ACK b6d109ddc80254e4ceedd7f22e6195a1ef37a087

I’ve written a basic test for the new function directly: https://github.com/sipa/secp256k1/commits/pr1033

peterdettman commented at 6:05 am on December 22, 2021: contributor

Thanks, @sipa . Merged your PR and added a benchmark entry also.

in src/field.h:136 in b6d109ddc8 outdated

123@@ -124,4 +124,6 @@ static void secp256k1_fe_storage_cmov(secp256k1_fe_storage *r, const secp256k1_f
124 /** If flag is true, set *r equal to *a; otherwise leave it. Constant-time.  Both *r and *a must be initialized.*/
125 static void secp256k1_fe_cmov(secp256k1_fe *r, const secp256k1_fe *a, int flag);
126 
127+static void secp256k1_fe_half(secp256k1_fe *r);

real-or-random commented at 10:21 am on December 22, 2021:

Can you add a comment here (that describes the effect on the magnitude)?

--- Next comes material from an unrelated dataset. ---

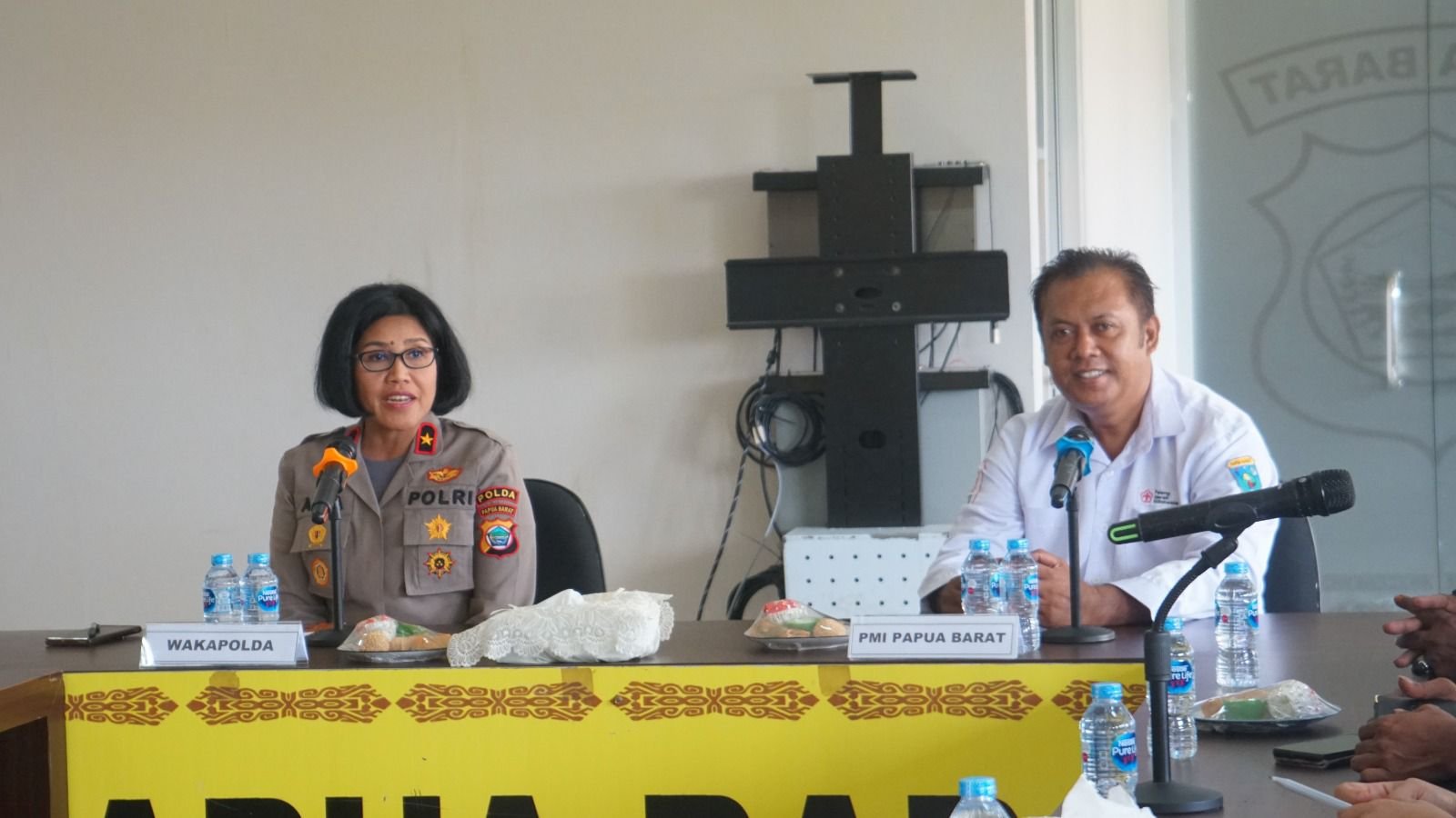Dalam kunjungan tersebut, rombongan PMI Provinsi Papua Barat dan Dinas Kesehatan Provinsi Papua Barat disambut oleh Wakapolda Papua Barat Brigjen Pol Dr. Sulastiana, M.Si., CRGP., CHCM., CRPP., Dir Binmas Polda Papua Barat Kombes Pol Hari S. Sembiring, S.I.K. di Ruang Vicon.

peterdettman commented at 2:14 pm on December 22, 2021:

Done

real-or-random commented at 11:37 am on December 22, 2021: contributor

ACK mod nit. It may be a good idea to squash the last commit (update comments) into the first one.

real-or-random commented at 11:54 am on December 22, 2021: contributor

Looking at the comment in gej_double: https://github.com/bitcoin-core/secp256k1/blob/master/src/group_impl.h#L274-L280

I wonder if half can save the normalization when switching to the other formula.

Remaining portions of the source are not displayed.